Beer-Tapping Physics: A Scientific Explanation Behind Fun Bar Trick (VIDEO)

Nov 30, 2013 | Updated Dec 02, 2013

Ever tried beer-tapping? No, not tapping a keg, but tapping the top of a bottle full of suds.

If you've tried it, then you know that the bottle will almost instantly foam over. The trick is always good for a laugh, but what's the scientific explanation behind the fun? A team of researchers from Carlos III University in Madrid, Spain decided to find out with the help of high-speed photography. Check it out in the video above.

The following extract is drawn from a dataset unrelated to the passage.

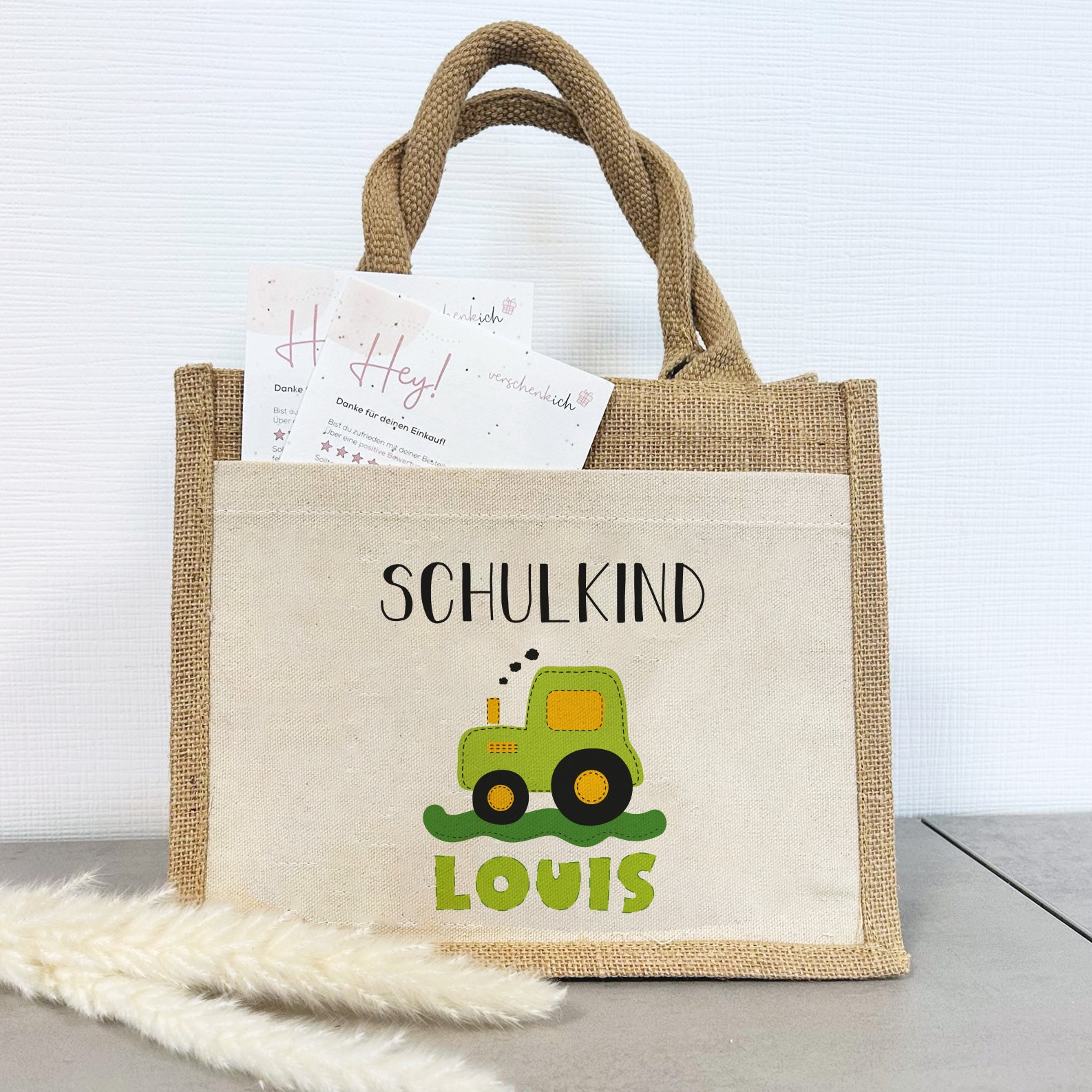 Jute Pocket Tasche mit Namen | Schulkind Traktor grün

What did their camera show?

"Actually, the laws of physics that control the development of these beer mushroom clouds are the same as [those that drive] the development of the cloud in an atomic bomb," Dr. Javier Rodriguez-Rodriguez, a physicist at the university and one of the researchers, told NPR. "Obviously, there's no nuclear stuff in the beer. So the source of the explosion is very different, but the mushroom cloud that you see is very similar."

Tapping on the mouth of the bottle sends a series of waves through the beer, which makes the beer's carbon dioxide bubbles shrink and swell. Eventually, the bubbles shatter under the pressure.

"The bubbles collapse violently," Rodriguez-Rodriguez told NPR. "They break up into clouds of tiny fragments — and in very little time."

A plume of these bubble fragments forms, and voila, rapidly rising foam results. See the video for more details.

The findings were presented at a meeting of the American Physical Society on Nov. 24 in Pittsburgh, Pa.